Top of EXERCISE MATERIAL

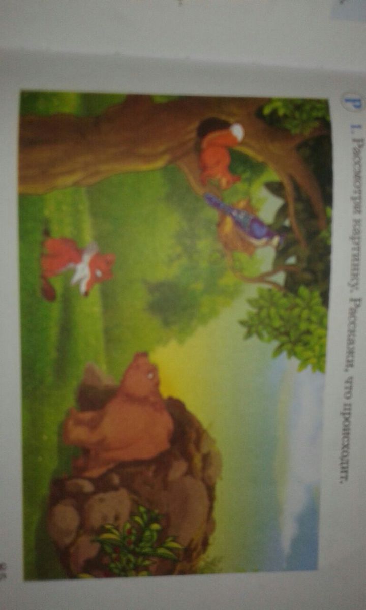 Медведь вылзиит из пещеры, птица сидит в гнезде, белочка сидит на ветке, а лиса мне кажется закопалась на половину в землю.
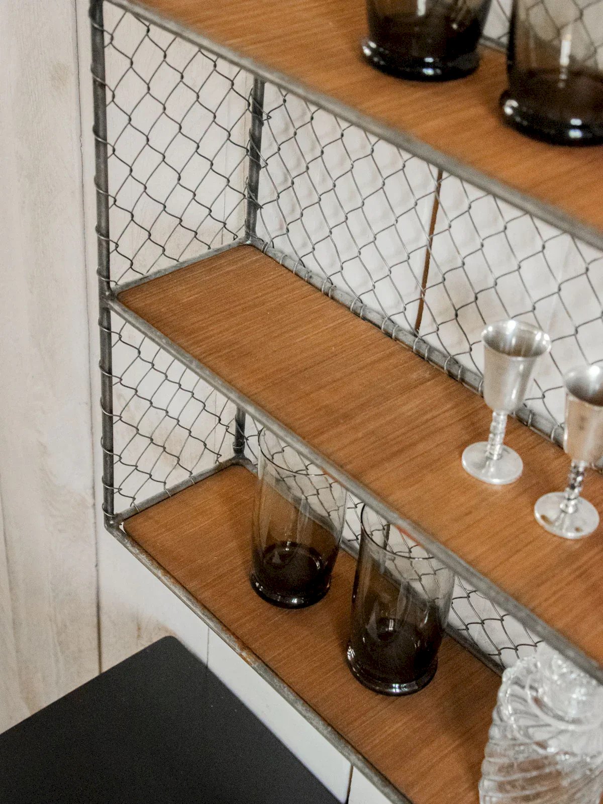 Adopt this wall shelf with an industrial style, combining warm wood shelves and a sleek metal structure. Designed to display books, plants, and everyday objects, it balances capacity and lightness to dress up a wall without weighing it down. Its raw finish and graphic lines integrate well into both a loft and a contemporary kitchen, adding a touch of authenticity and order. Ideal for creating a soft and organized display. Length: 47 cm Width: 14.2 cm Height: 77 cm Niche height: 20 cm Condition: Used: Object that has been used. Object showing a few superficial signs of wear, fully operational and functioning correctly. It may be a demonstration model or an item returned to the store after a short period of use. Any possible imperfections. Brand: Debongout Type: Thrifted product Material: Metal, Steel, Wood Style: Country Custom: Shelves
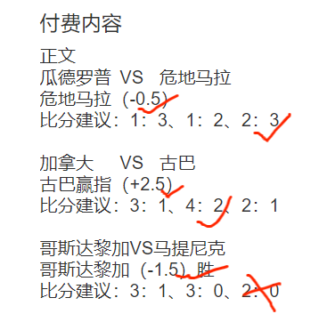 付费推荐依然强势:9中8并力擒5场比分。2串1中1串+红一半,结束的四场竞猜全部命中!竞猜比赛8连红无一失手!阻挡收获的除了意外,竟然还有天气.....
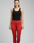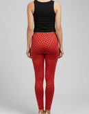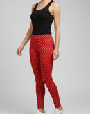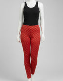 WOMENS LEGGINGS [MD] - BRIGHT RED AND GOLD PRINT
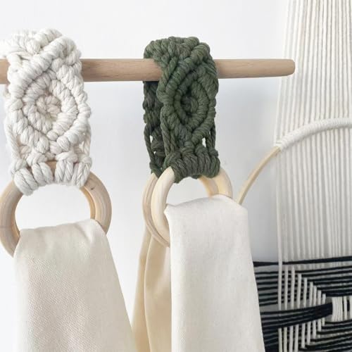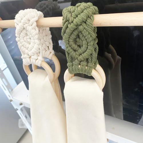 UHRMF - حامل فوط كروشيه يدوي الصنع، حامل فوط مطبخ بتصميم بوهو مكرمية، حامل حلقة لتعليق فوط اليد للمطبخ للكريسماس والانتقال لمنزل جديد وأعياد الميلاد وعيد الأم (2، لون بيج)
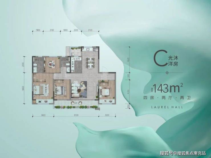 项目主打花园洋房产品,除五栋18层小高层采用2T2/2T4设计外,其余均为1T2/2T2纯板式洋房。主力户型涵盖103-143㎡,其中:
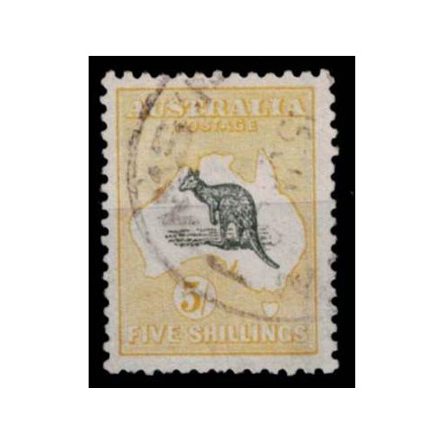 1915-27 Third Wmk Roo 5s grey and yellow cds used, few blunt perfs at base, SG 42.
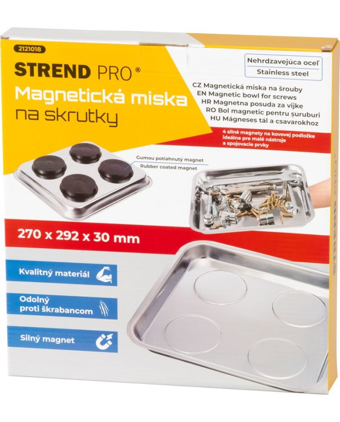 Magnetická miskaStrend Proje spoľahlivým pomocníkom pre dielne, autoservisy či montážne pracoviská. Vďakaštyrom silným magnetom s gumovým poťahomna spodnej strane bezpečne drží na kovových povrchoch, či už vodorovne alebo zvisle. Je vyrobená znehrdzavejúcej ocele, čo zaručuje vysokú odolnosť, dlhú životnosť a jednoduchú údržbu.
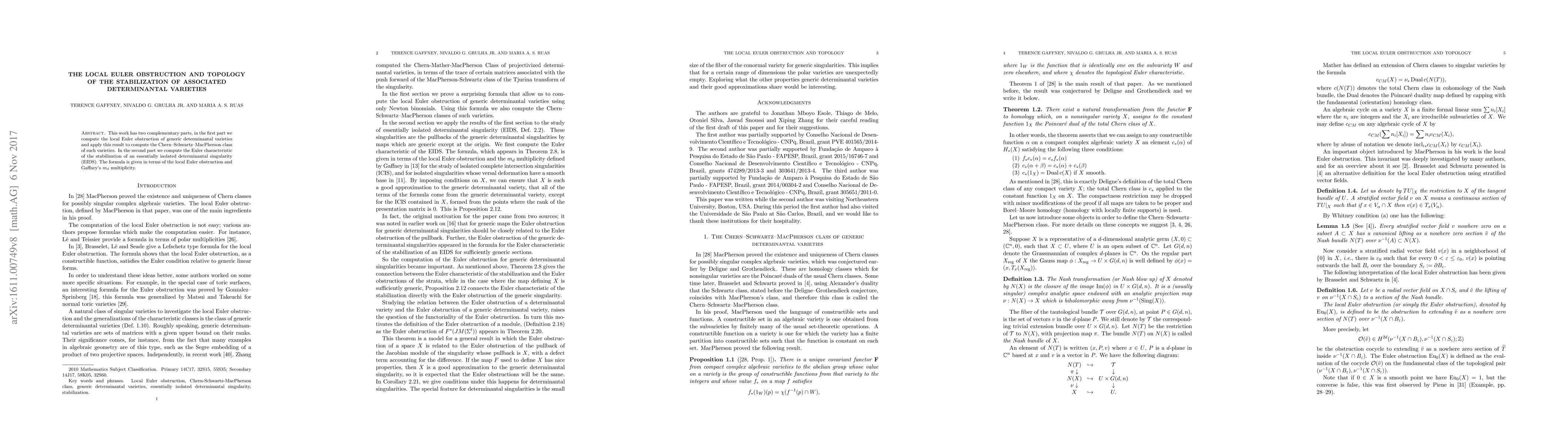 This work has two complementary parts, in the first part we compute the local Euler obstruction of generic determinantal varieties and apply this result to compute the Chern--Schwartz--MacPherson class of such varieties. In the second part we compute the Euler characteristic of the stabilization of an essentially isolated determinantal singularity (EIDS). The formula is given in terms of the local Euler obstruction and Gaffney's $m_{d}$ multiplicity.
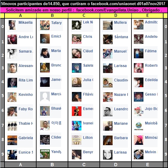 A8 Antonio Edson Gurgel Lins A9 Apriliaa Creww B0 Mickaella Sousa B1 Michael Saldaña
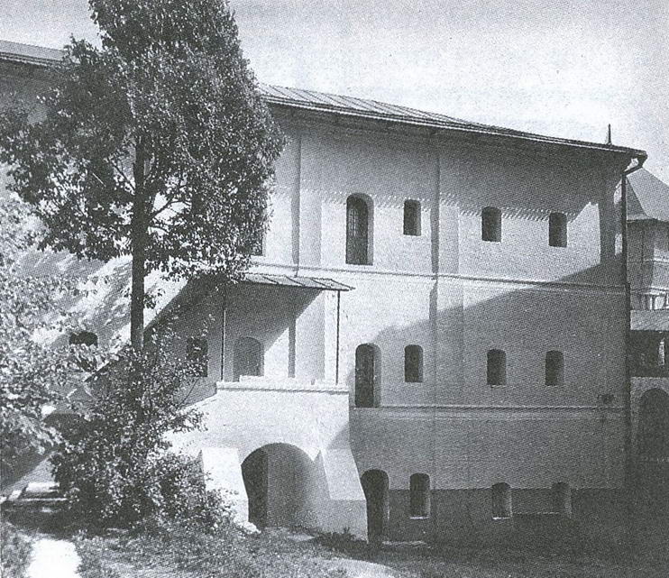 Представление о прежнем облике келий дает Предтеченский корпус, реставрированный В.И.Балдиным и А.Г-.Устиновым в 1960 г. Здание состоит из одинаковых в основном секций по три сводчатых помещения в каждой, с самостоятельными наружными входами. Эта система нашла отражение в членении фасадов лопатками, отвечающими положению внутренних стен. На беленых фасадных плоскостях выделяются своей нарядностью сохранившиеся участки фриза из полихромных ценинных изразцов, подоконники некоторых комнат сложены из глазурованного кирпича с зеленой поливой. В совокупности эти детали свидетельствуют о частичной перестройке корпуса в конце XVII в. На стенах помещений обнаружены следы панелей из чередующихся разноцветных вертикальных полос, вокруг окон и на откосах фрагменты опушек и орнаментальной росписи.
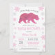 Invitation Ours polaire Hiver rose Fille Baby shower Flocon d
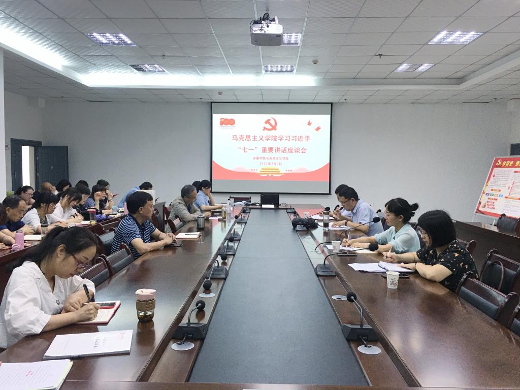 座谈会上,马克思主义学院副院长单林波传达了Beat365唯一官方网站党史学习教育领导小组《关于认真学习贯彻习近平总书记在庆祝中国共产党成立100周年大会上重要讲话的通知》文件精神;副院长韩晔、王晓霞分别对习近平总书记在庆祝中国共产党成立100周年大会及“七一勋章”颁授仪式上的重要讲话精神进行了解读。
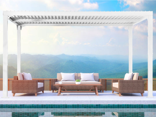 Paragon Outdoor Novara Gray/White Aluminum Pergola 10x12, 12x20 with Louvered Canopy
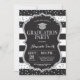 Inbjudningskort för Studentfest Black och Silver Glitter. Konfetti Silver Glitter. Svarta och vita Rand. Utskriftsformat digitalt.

Bottom of EXERCISE MATERIAL

_ACTIVITY:_ What you return must match the lines above from the one with "UHRMF - حامل" through the one with "项目主打花园洋房产品,除五栋" exactly, with both ends included and the pictures excluded.

_OUTPUT:_
 UHRMF - حامل فوط كروشيه يدوي الصنع، حامل فوط مطبخ بتصميم بوهو مكرمية، حامل حلقة لتعليق فوط اليد للمطبخ للكريسماس والانتقال لمنزل جديد وأعياد الميلاد وعيد الأم (2، لون بيج)
 项目主打花园洋房产品,除五栋18层小高层采用2T2/2T4设计外,其余均为1T2/2T2纯板式洋房。主力户型涵盖103-143㎡,其中:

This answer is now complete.